May 29, 2014 Newsdesk Japan, Latest News, Top of the deck
Japan’s main opposition party, the Democratic Party of Japan, is due to hold a meeting this week to discuss the principle of debating during the current session of the country’s parliament a draft law to legalise casinos.
Even if the parliamentary party agrees, it does not mean that an enabling bill for casinos could actually be passed in the current session of the Diet, which ends on June 22.
“The main issue is the upper house [of the Diet] which would need a few weeks to discuss the bill,” Mike Tanji, executive advisor to Tokyo-based Gaming Capital Management Inc, told GGRAsia.
Mr Tanji added that the position of the DPJ, the parliamentary membership of which has not unanimously supported the idea of casino legalisation, is central to the success of the bill. He said any suggestion that newly reported divisions inside the Japan Restoration Party (JRP) – which has previously fully supported the principle of legalisation – would damage the bill’s prospects, was of secondary importance.
According to a story filed from Tokyo by Agence France-Presse, the co-chairmen of the JRP – nationalist former Tokyo governor Shintaro Ishihara and current Osaka mayor Toru Hashimoto – have gone their separate ways. It is said to be on the issue of Mr Ishihara’s desire to change the post war constitution of Japan to allow for – among other things – expeditionary rather than purely defensive armed forces.

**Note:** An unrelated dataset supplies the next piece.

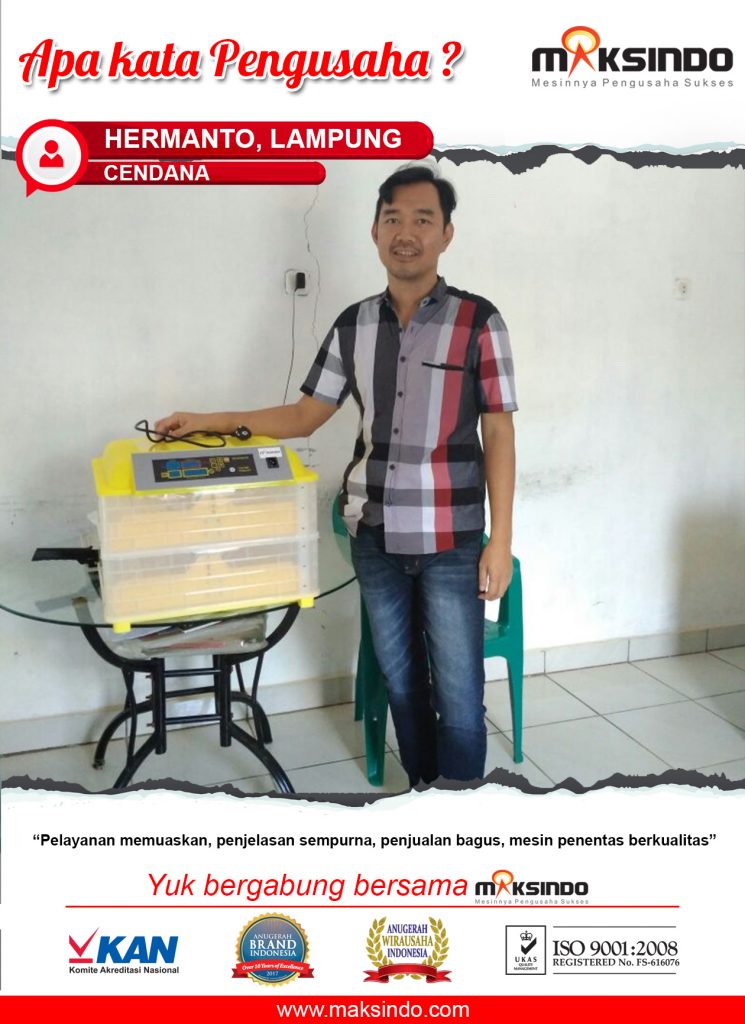 “Pelayanan semakin memuaskan, penjelasan sempurna, penjualan bagus, mesin penetas berkualitas”, kata Bapak Hermanto kepada team Maksindo.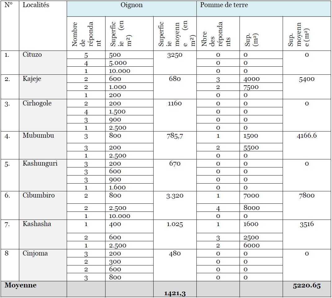Les tableaux 2 et 3 renseignent sur la superficie moyenne qu’occupent l’oignon et la pomme de terre à Mudaka et leur répartition dans les différentes localités

“I would think that both sides of the divided JRP would still support the bill unless Mr Hashimoto’s possible future partner Eda’s group would be against it,” Mr Tanji told GGRAsia. He was referring to Kenji Eda, who split from the minority Your Party grouping in December and has been looking for new political allies.
Union Gaming Research Macau Ltd said in a note on Thursday afternoon Macau time: “While we do not believe that the fracture of the JRP had any material impact on the current behind-the-scenes horse trading going on in relation to bringing the gaming bill up for debate, we do believe it could have an impact on future support for gaming. The JRP, along with the LDP [Liberal Democratic Party of Japan, led by current prime minister Shinzo Abe] and Life parties had pledged 100 percent member support for the gaming bill.”
Union Gaming added: “On a combined basis, these parties hold a very comfortable majority in the lower house of the Diet (74 percent), but a much slimmer majority in the upper house of the Diet (52 percent).”
A Tokyo-based financier who was not authorised to speak on the record additionally told GGRAsia: “I think it’s generally accepted that even if the first bill for casinos is passed in the autumn session of the Diet, it would be very hard for any resort to be constructed and ready in time to coincide with the Tokyo [Summer] Olympics in 2020 and take advantage of the big boost to inbound tourism the games will give the country.”
Prime Minister Abe is on Friday due to visit one of Singapore’s casino resorts – Marina Bay Sands, owned and operated by Las Vegas Sands Corp. The company, which also operates casinos in Macau and the United States, has already shown strong interest in investing in Japan if casino gaming is legalised there.